--- What the task asks ---
Although pictures appear in the entries below, leave them out and print exactly the lines from the first line through the line containing "A股异动丨蒙泰高新午后跌逾7% 股价创逾9个月新低".

--- Study material ---
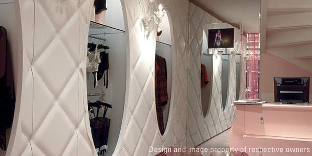 Indeed, the Chantal Thomass store stands as one more challenge successfully met by Corian® solid surface material, bringing warmth and sophistication to the space while ensuring long term strength and good looks.
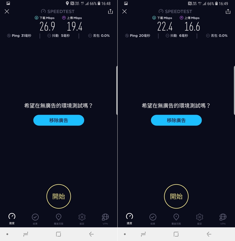 經過實測,下載平均速度有 20Mbps 以上,上傳則有 15Mbps 以上,而有一張速度特別慢的同樣是在地下停車場 B1 所測得的結果。
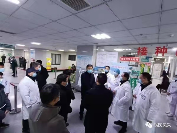 2021年1月1日上午9时许,县委书记胡明文,县人大常委会主任刘峰,县委常委、县委办公室主任、县政法委书记苏志杰,副县长、县卫健委主任蒋召亮等县领导在县卫健委、县疾控中心有关领导的陪同下到我院视察疫情防控及新冠疫苗接种工作。
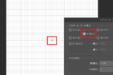 「左上」なら「キャンバスの一番左上」からグリッドが引かれて、「中央」なら真ん中から広がるようにグリッドが引かれます。
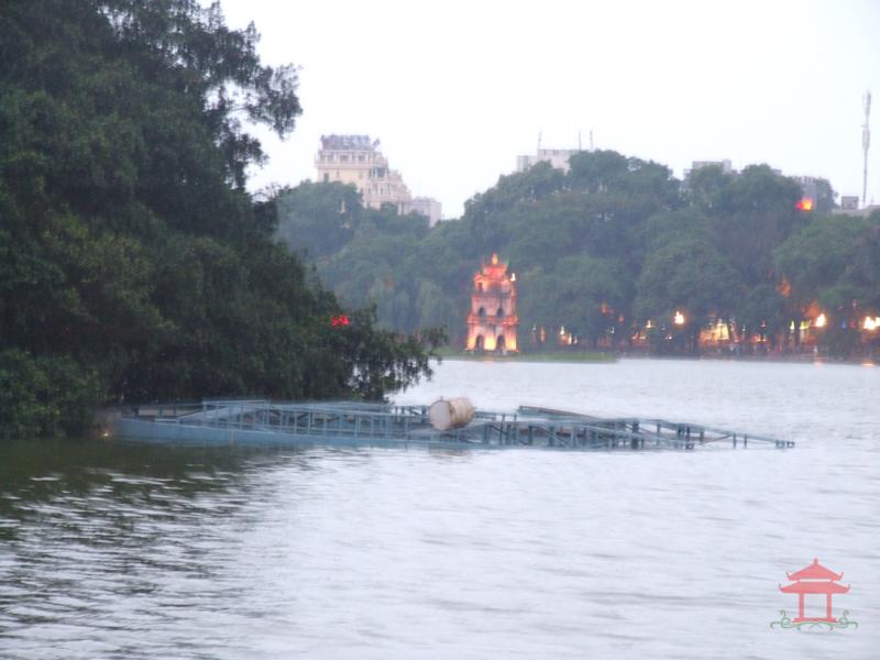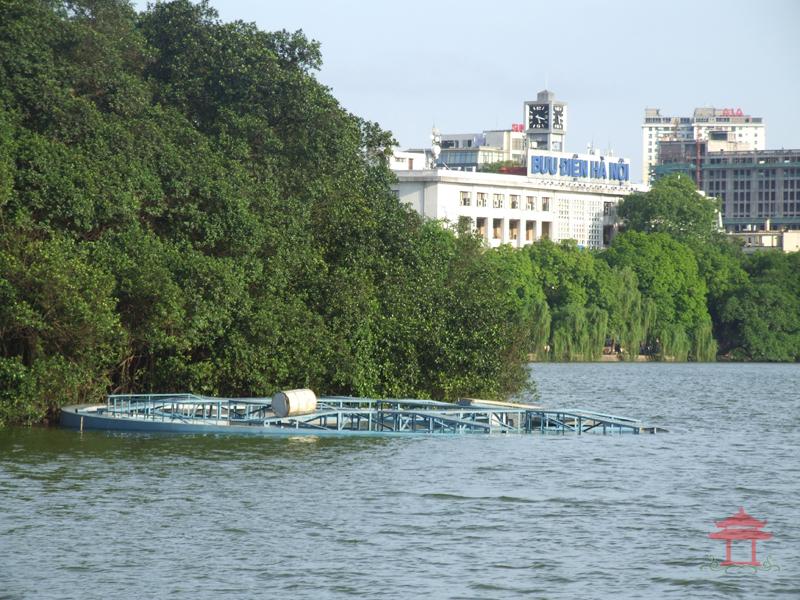 Hỏi một cán bộ của đền Ngọc Sơn, chúng tôi được biết: Khi nước hồ dâng cao sau mấy cơn mưa, neo của bệnh viện “dã chiến” bị đứt. Do vậy, Sở Tài nguyên và Môi trường thành phố phải cử người đến bơm đầy nước vào bồn, cho chìm xuống.
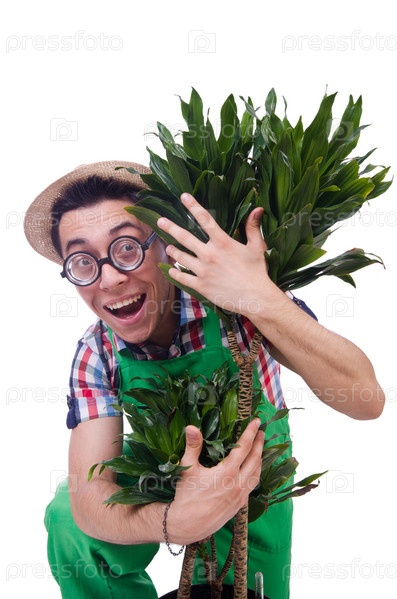 Забавный человек и растение
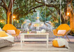 Фотообои с изображением неповторимого пейзажа за окном - красочного парка с фонтаном в окружении деревьев, украсят и дополнят интерьер. Прекрасно подойдет для спальни и гостиной.
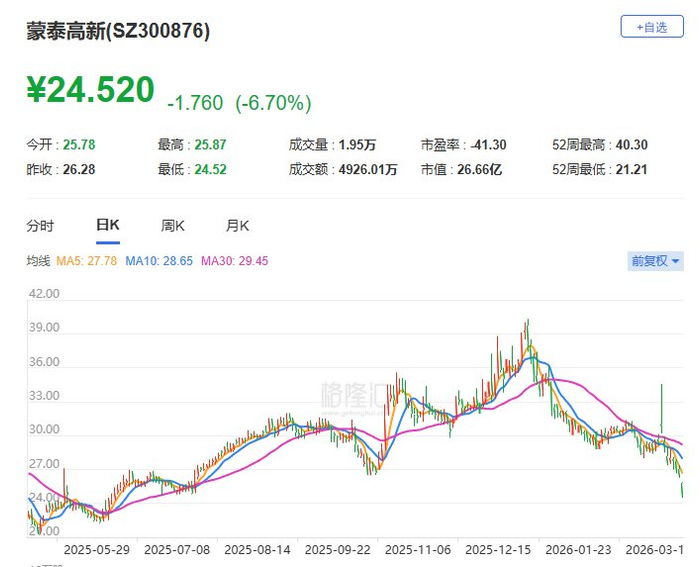 A股异动丨蒙泰高新午后跌逾7% 股价创逾9个月新低
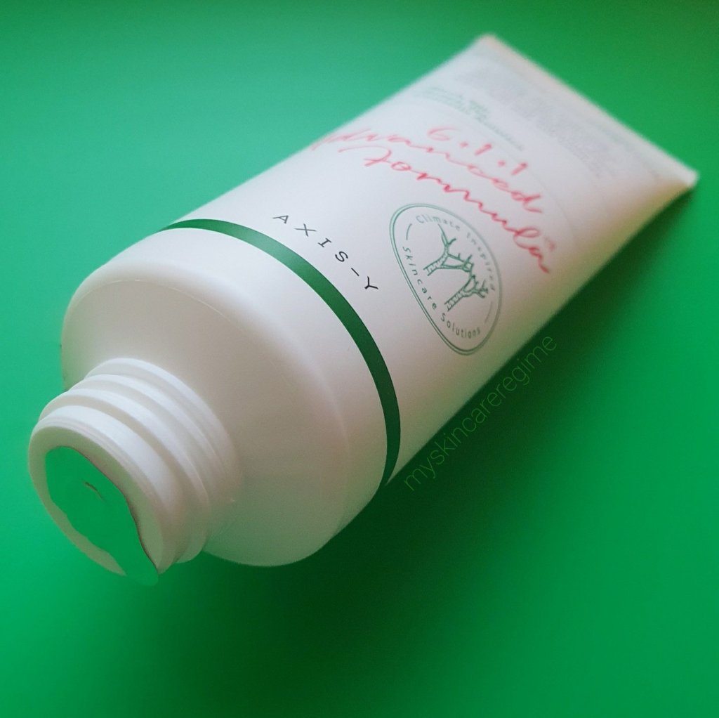 Directions: ”Squeeze a small amount into hands. Gently massage onto damp face. Rinse thoroughly with lukewarm water. Avoid eye area” – From the AXIS-Y website.
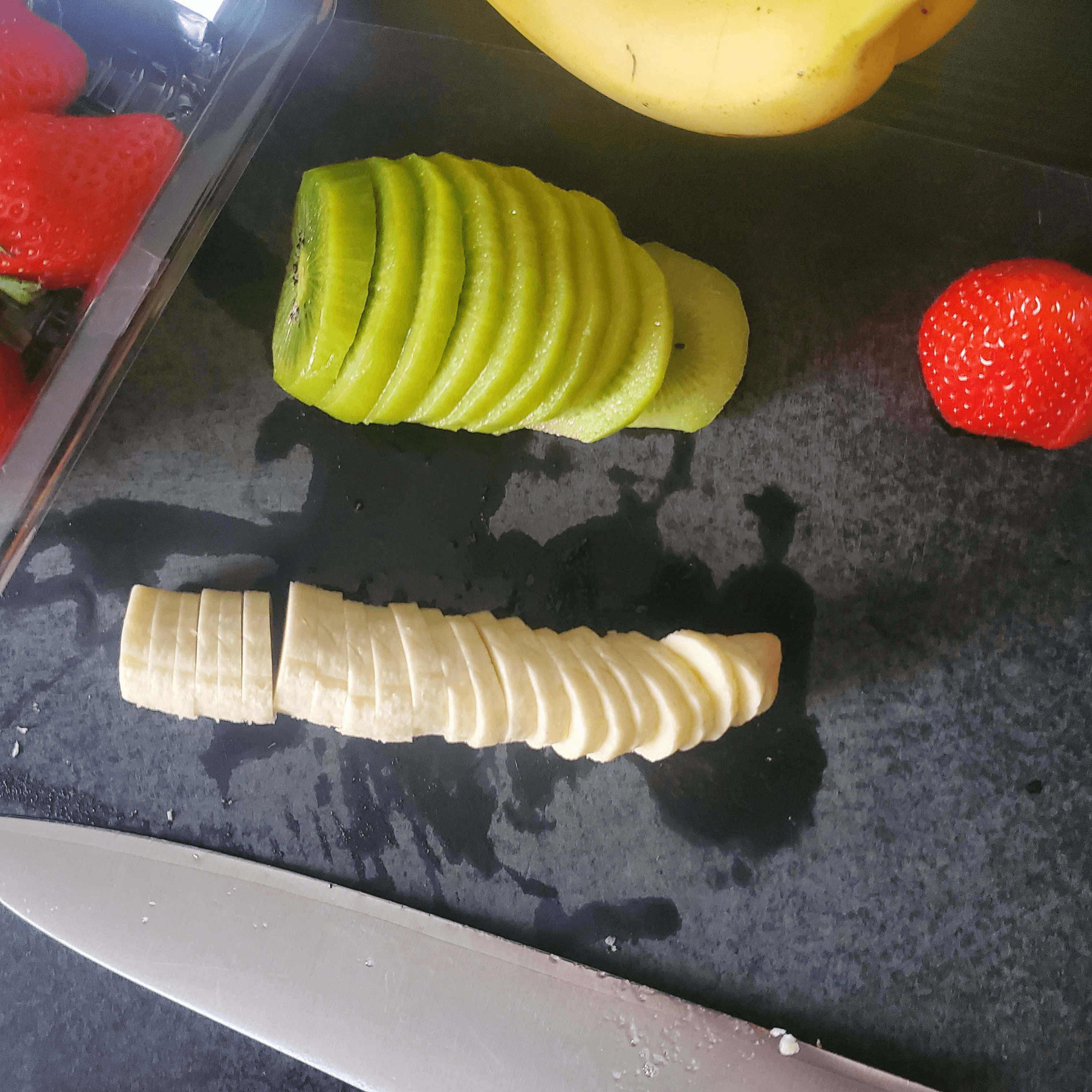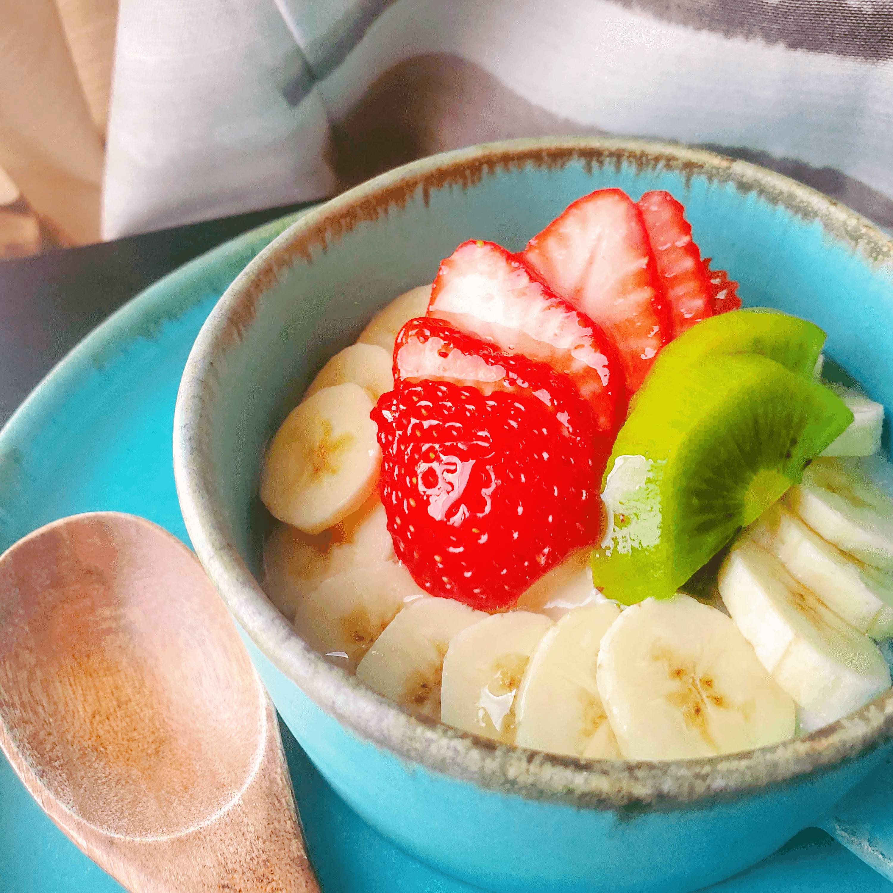 ヨーグルトを盛った器にフルーツを盛り付け、お好みでアガベシロップをかけて完成です。
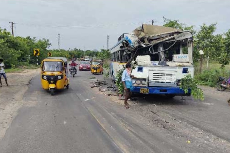 Telangana: వేగంగా దూసుకొచ్చి బస్సును ఢీకొట్టిన ఇసుక లారీ.. 20 మందికి తీవ్ర గాయాలు
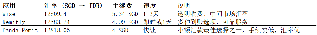 印度尼西亚是许多新加坡工作者和家庭的资金接收地。无论是支持家人、支付学费还是日常开销,小额汇款都很常见。选择低费用和高汇率的汇款服务可以让每一笔钱更有价值。Panda Remit、Wise和Remitly提供快速、可靠且便捷的数字汇款服务,确保资金及时到达接收方账户。
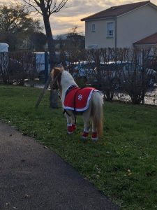 : petit parcours en main avec les chevaux miniatures et balade à poney pour les enfants et visite improvisée à l’intérieur pour les résidents

--- Task result ---
 Indeed, the Chantal Thomass store stands as one more challenge successfully met by Corian® solid surface material, bringing warmth and sophistication to the space while ensuring long term strength and good looks.
 經過實測,下載平均速度有 20Mbps 以上,上傳則有 15Mbps 以上,而有一張速度特別慢的同樣是在地下停車場 B1 所測得的結果。
 2021年1月1日上午9时许,县委书记胡明文,县人大常委会主任刘峰,县委常委、县委办公室主任、县政法委书记苏志杰,副县长、县卫健委主任蒋召亮等县领导在县卫健委、县疾控中心有关领导的陪同下到我院视察疫情防控及新冠疫苗接种工作。
 「左上」なら「キャンバスの一番左上」からグリッドが引かれて、「中央」なら真ん中から広がるようにグリッドが引かれます。
 Hỏi một cán bộ của đền Ngọc Sơn, chúng tôi được biết: Khi nước hồ dâng cao sau mấy cơn mưa, neo của bệnh viện “dã chiến” bị đứt. Do vậy, Sở Tài nguyên và Môi trường thành phố phải cử người đến bơm đầy nước vào bồn, cho chìm xuống.
 Забавный человек и растение
 Фотообои с изображением неповторимого пейзажа за окном - красочного парка с фонтаном в окружении деревьев, украсят и дополнят интерьер. Прекрасно подойдет для спальни и гостиной.
 A股异动丨蒙泰高新午后跌逾7% 股价创逾9个月新低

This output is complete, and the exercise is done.